Exercise objective
Your answer must be the lines from the top of the listing below through the line that holds "小院环境很美,门口很多绿植,房间设施齐全", retyped exactly, with no pictures.

==== Dataset extract

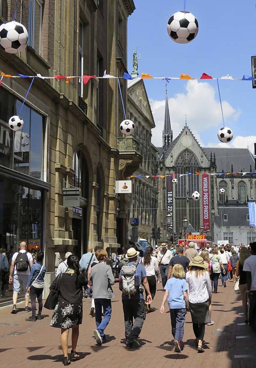 People walk under World Cup soccer decorations in the Kalverstraat in the center of Amsterdam, June 12. The Netherlands plays its first World Cup Group B match against Spain on Friday June 13.
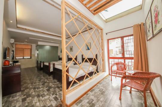 小院环境很美,门口很多绿植,房间设施齐全,干净整洁,两张1米五的床,睡四个人空间依然还很大。老板娘人美心善,孩子半夜呕吐,吐到被子上了,没有扣一分钱,还一直关心孩子健康,还帮忙收拾行李,还让提前入住,总之,非常推荐!
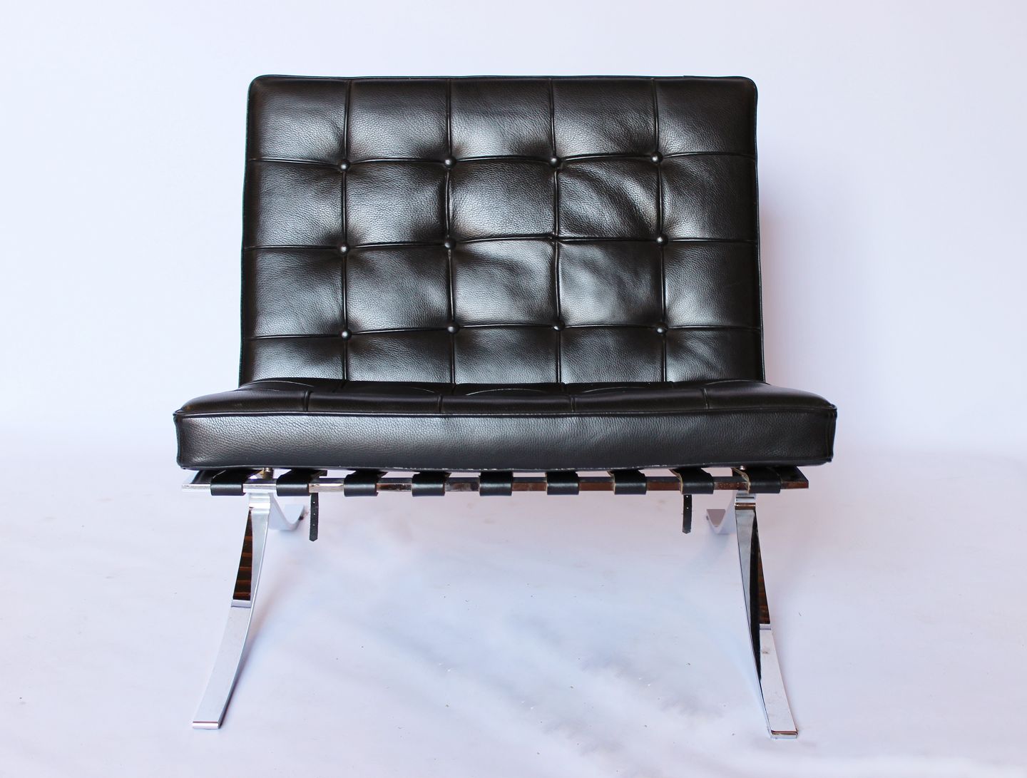 Techno Barcelona easy chair in black leather and frame of chrome of Italian design.

========

Reply to the task
 People walk under World Cup soccer decorations in the Kalverstraat in the center of Amsterdam, June 12. The Netherlands plays its first World Cup Group B match against Spain on Friday June 13.
 小院环境很美,门口很多绿植,房间设施齐全,干净整洁,两张1米五的床,睡四个人空间依然还很大。老板娘人美心善,孩子半夜呕吐,吐到被子上了,没有扣一分钱,还一直关心孩子健康,还帮忙收拾行李,还让提前入住,总之,非常推荐!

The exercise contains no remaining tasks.